Beginner Functional Training Workout

So, how to start functional training?

To start functional training, you must begin to base your workouts more on movement patterns and less on individual muscles or muscle groups. 

Movement patterns include push, pull, squat, lunge, hinge, rotation and gait. 

Below you can find a beginner functional workout based on the previously mentioned movement patterns. 

1. Bodyweight Push-Up

man performing bodyweight push-up

Push-up is a basic calisthenics exercise that falls under the horizontal push movement pattern category. Push-ups work the triceps, pectoral muscles, and anterior deltoids. The sole purpose of this exercise is to increase upper-body strength. 

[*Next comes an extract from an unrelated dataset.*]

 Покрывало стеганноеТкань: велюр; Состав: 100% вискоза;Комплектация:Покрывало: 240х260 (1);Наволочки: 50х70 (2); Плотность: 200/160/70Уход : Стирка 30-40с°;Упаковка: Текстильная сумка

How to Perform Bodyweight Push-up

To perform a bodyweight push-up:

  1. Place your arms a little wider and below your shoulders. As a beginner, the angle between your elbow and body should be around 45 degrees. 
  2. Slowly go down(eccentric phase) and aim to touch the ground with your chest. 
  3. Push through the palm of your hands and lift yourself up.  

2. Walking Lunges

woman performing walking lunges

Walking lunges are a lower body exercise that falls under the category of lunge movement pattern. When lunging, you use your hamstrings, gluteus maximus, quadriceps, and calves(lat. triceps surae – gastrocnemius/soleus). 

How to Perform Walking Lunges

To perform walking lunges:

  1. Stand with your feet hip-width apart
  2. Take a step forward 
  3. Slowly bend your knees until your back knee gets close to the floor
  4. Stand back up and repeat with another leg

3. Death Bug

two women performing a dead bug core exercise beside each other.

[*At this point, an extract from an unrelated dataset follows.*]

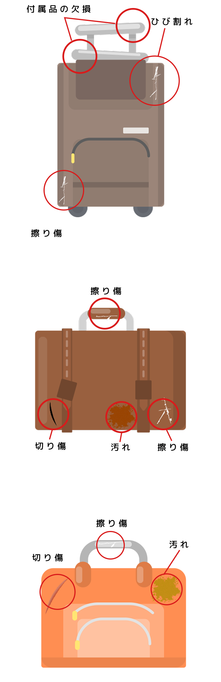 軽微な破損(擦り傷・切り傷・へこみ・汚れ等)

The dead bug is a core exercise that combines flexion and extension in the hips and shoulders. The purpose of this exercise is to teach you how to activate your abdominal muscles and stabilize your core. Dead bug activates muscles like the pelvic floor, transverse abdominis, rectus abdominis, and internal and external obliques.

How to Perform Dead Bug 

To perform dead bug exercise:

  1. Lie on your back, arms pointed towards the ceiling, and knees bent 90 degrees and placed right above your hips.
  2. Extend your left leg and flex your right arm 
  3. Come back to the starting position and repeat with another arm and leg.

4. One Arm Dumbbell Row

man performing one arm dumbbell rows with opposite hand being placed on the box, and feet in the line with each other.

One arm dumbbell row is an upper-body exercise and falls under the horizontal pull pattern. When performing this exercise, you work muscles such as lats, traps, rhomboids, biceps, posterior deltoid, etc.

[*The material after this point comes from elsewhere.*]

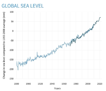 ผลกระทบที่เกิดจากการเปลี่ยนแปลงภูมิอากาศนี้ ส่งผลต่อการดำรงชีวิตของสิ่งมีชีวิตบนโลก รวมทั้งสิ่งแวดล้อม ระบบนิเวศ และอื่น ๆ หนึ่งในนั้นคือ การเพิ่มขึ้นของระดับน้ำทะเล จากข้อมูลพบว่า ระดับน้ำทะเลเฉลี่ยเพิ่มสูงขึ้นอย่างรวดเร็วนับจากปี ค.ศ. 1993 โดยเพิ่มจากเดิม 1.7 มิลลิเมตร/ปี เป็น 3.2 มิลลิเมตร/ปี และพบว่า จากปี ค.ศ. 1980 ระดับน้ำทะเลเพิ่มสูงขึ้นประมาณ 21 - 24 เซนติเมตร (ภาพ 3) นอกจากนี้ การเพิ่มขึ้นของอุณหภูมิผิวน้ำทะเลยังส่งผลกระทบต่อสิ่งมีชีวิตในทะเล เช่น การเกิดปะการังฟอกขาวซึ่งจะส่งผลกระทบต่อการดำรงชีวิตของสัตว์น้ำ ที่อาศัยปะการังเป็นแหล่งอาศัยของตัวอ่อนและเป็นแหล่งอาหาร

How to Perform One Arm Dumbbell Row

To perform one arm dumbbell row:

  1. In a standing position, hold a dumbbell in one of your hands, bend over and place another hand on the bench, box, or anything that can support your body weight. 
  2. Pull the dumbbell upwards while bending your elbow and pulling your upper arm backward. 
  3. Slowly put down the dumbbell to the starting position and repeat.

5. Bodyweight SL Deadlift

woman performing bodyweight single-leg deadlift.

Bodyweight single-leg deadlift is a lower body exercise that falls under the hip hinge movement pattern category. Muscles involved in this exercise are the glutes, back, hamstrings, and calves. 

How to Perform Bodyweight Single Leg Deadlift

To perform a bodyweight single-leg deadlift:

  1. Slightly bend your plant leg and hinge forward from the hip
  2. Hinge until 90 degrees if possible
  3. Come back to the starting position and repeat

6. Side Plank

woman performing a side plank core exercise on the right elbow.

Side plank is a core exercise that falls under the category of anti-lateral flexion. The muscles that work while performing a side plank are obliques.

How to Perform Side Plank

To perform a side plank:

  1. Lie on your side with your knees bent and then prop your body up on your elbow
  2. Raise your hips off the floor while extending your knees

7. Standing Dumbbell Overhead Press

man and a woman perform standing dumbbell overhead presses near each other.

A dumbbell overhead press(shoulder press) is an upper-body exercise that emulates a vertical push movement pattern. It activates muscles such as the triceps, deltoid muscles, glutes, and abdominal and lower-back muscles.

How to Perform a Standing Dumbbell Overhead Press

To perform dumbbell overhead press:

  1. Get into a standing position with your feet shoulder-width apart and hold your dumbbells at shoulder height
  2. Lift the dumbbells overhead and then lower them slowly

8. Negative Pull-up

man performing a negative pull-up outside in the park.

The negative pull-up is an upper-body exercise that falls under the vertical pull movement pattern. Pull-ups use your biceps, lats, deltoids, rhomboids, core, and pectoral muscles.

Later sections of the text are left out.